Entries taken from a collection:
---

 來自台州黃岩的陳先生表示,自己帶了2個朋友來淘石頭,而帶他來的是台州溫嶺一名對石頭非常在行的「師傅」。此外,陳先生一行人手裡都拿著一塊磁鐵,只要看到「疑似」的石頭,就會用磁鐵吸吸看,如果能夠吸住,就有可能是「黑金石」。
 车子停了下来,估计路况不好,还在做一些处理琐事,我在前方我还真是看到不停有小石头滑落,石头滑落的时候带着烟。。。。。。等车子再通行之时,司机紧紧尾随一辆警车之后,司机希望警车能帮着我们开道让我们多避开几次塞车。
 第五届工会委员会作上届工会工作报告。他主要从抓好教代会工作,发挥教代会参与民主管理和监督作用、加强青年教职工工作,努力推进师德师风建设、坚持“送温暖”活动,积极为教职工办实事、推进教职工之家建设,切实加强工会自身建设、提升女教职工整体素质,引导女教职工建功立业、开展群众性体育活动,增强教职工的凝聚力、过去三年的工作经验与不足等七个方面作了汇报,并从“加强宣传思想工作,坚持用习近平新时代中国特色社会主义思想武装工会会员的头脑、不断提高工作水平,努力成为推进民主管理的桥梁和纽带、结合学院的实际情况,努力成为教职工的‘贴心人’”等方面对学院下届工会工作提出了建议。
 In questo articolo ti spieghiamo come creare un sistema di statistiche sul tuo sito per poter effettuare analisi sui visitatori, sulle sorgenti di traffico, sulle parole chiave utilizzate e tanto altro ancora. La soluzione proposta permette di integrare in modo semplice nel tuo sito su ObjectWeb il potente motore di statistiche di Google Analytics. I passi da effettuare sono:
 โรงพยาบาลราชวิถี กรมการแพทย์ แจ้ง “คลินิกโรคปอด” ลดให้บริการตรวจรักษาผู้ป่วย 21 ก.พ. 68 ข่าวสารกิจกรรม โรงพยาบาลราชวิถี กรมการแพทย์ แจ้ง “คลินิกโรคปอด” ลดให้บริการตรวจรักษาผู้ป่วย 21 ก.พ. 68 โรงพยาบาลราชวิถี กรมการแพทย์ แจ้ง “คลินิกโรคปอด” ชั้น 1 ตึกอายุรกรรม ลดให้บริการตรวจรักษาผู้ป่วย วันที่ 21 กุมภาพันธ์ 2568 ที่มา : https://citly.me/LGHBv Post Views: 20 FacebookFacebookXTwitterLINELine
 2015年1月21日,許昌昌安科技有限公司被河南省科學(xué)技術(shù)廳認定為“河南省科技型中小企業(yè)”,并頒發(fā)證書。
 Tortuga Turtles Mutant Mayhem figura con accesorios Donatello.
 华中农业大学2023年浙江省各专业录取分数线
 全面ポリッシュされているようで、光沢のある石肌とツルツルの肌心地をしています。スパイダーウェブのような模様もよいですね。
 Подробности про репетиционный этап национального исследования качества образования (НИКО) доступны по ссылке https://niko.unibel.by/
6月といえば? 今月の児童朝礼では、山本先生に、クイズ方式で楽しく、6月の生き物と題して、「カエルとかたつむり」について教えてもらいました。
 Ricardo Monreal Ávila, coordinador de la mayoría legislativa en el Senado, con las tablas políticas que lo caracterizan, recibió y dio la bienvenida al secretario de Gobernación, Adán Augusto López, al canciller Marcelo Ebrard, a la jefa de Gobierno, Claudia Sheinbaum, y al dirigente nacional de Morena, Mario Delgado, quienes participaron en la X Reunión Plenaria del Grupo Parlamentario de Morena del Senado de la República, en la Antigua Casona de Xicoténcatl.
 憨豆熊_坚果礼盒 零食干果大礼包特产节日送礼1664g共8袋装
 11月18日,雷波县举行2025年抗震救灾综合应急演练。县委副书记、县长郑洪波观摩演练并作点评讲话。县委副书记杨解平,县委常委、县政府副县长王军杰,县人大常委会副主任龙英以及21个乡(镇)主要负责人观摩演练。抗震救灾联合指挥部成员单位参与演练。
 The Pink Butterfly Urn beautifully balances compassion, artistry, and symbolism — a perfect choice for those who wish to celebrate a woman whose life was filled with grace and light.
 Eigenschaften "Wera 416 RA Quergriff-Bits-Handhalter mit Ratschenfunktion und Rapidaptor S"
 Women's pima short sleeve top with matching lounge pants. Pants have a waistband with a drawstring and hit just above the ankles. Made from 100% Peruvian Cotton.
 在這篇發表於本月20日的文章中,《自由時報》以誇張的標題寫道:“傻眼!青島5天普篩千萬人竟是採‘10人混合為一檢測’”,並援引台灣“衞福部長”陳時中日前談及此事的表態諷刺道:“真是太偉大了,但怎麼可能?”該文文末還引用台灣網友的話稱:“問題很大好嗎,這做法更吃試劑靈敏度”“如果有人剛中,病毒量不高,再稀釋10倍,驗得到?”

---

Only the lines above from the one with "Ricardo Monreal Ávila, coordinador" through the one with "416 RA Quergriff-Bits-Handhalter" should be duplicated, character for character.

 Ricardo Monreal Ávila, coordinador de la mayoría legislativa en el Senado, con las tablas políticas que lo caracterizan, recibió y dio la bienvenida al secretario de Gobernación, Adán Augusto López, al canciller Marcelo Ebrard, a la jefa de Gobierno, Claudia Sheinbaum, y al dirigente nacional de Morena, Mario Delgado, quienes participaron en la X Reunión Plenaria del Grupo Parlamentario de Morena del Senado de la República, en la Antigua Casona de Xicoténcatl.
 憨豆熊_坚果礼盒 零食干果大礼包特产节日送礼1664g共8袋装
 11月18日,雷波县举行2025年抗震救灾综合应急演练。县委副书记、县长郑洪波观摩演练并作点评讲话。县委副书记杨解平,县委常委、县政府副县长王军杰,县人大常委会副主任龙英以及21个乡(镇)主要负责人观摩演练。抗震救灾联合指挥部成员单位参与演练。
 The Pink Butterfly Urn beautifully balances compassion, artistry, and symbolism — a perfect choice for those who wish to celebrate a woman whose life was filled with grace and light.
 Eigenschaften "Wera 416 RA Quergriff-Bits-Handhalter mit Ratschenfunktion und Rapidaptor S"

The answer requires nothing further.